- See also “Nuclear Ontario: the end of the beginning?” March 1, 2011
Negotiations over the sale of Atomic Energy Canada Limited to a private sector buyer have broken down, and nobody should be surprised. The crux of the issue is the Darlington new reactor construction project. This issue is essentially between the governments of Canada, which owns AECL, and Ontario, which wants to buy a couple AECL reactors. Ontario wasn’t part of the negotiations over the sale of AECL’s reactor division; hence the negotiations went nowhere. Another way to put it is, AECL’s future is bound up in Darlington. Until Darlington gets settled, it’s tough to settle AECL. Once it is settled, the private buyer will be looking at a clearer picture. So we should look at the privatization process as having been deferred, not finished.
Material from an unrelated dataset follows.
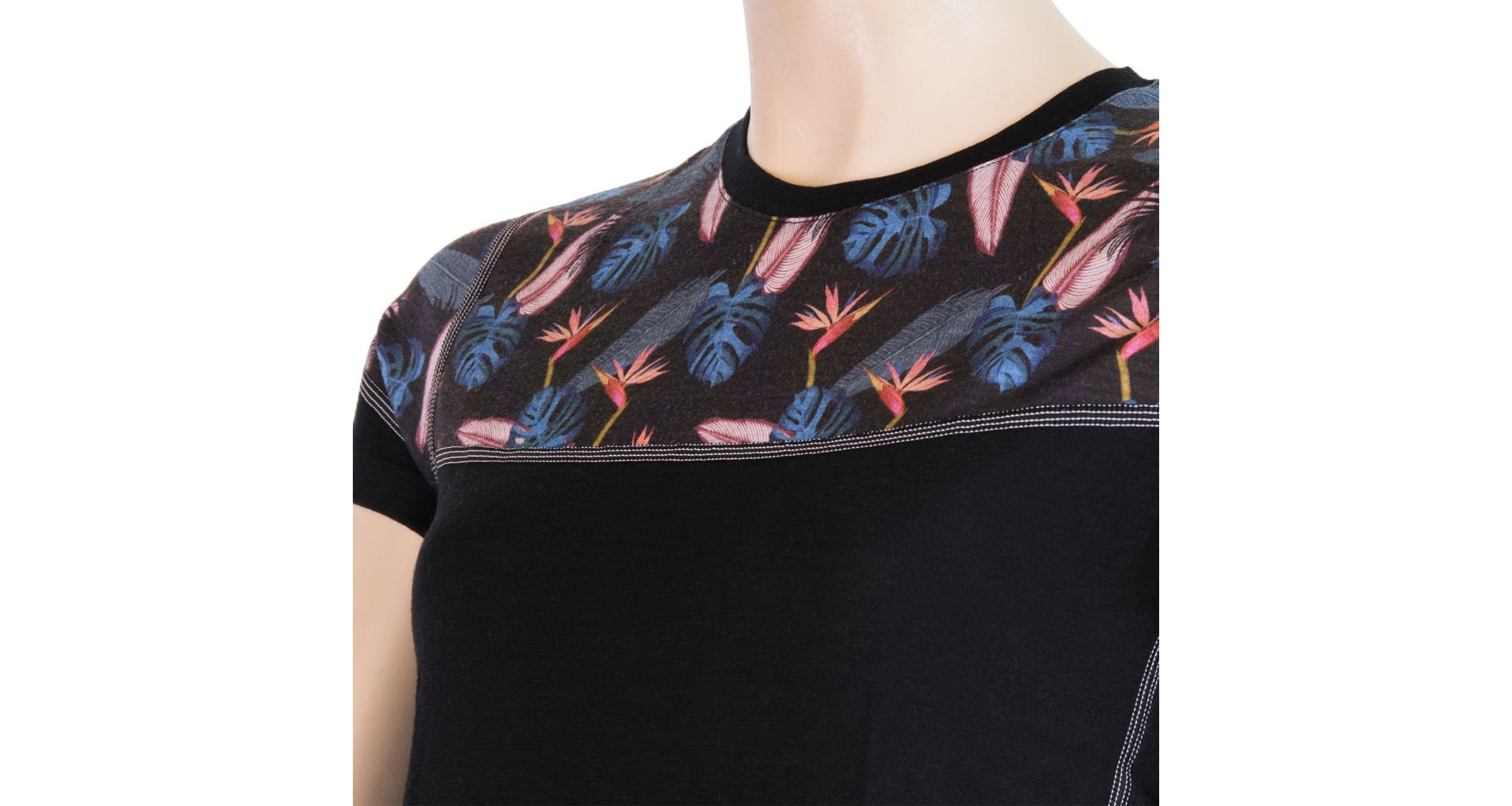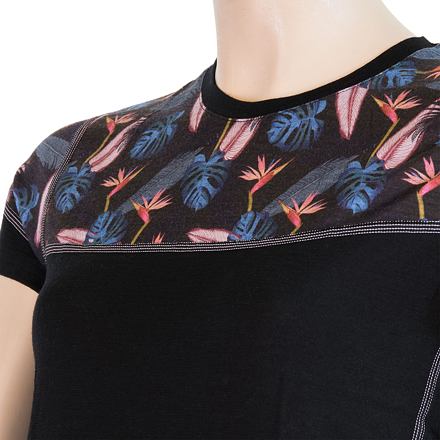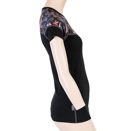 SENSOR MERINO IMPRESS dámské triko kr.rukáv černá/floral

On Darlington, Ontario wants certainty on the price, and also wants the price to be reasonably low. It was the second of these that put the process on the shelf. The feds left the problem of determining the financial definition of “certainty” to AECL, which, in order to comply with the bid requirements, had no choice but to highball its estimate of that financial definition. So, when AECL in mid-2009 tendered its bid to be the maker of new nuclear reactors at Darlington, the Ontario government liked the technology—it has for decades provided most of Ontario’s electricity—but not the price tag. AECL’s final price included an estimate of how much it would cost if construction were delayed and the highly skilled, highly paid project workforce were paid to stick around until construction could resume.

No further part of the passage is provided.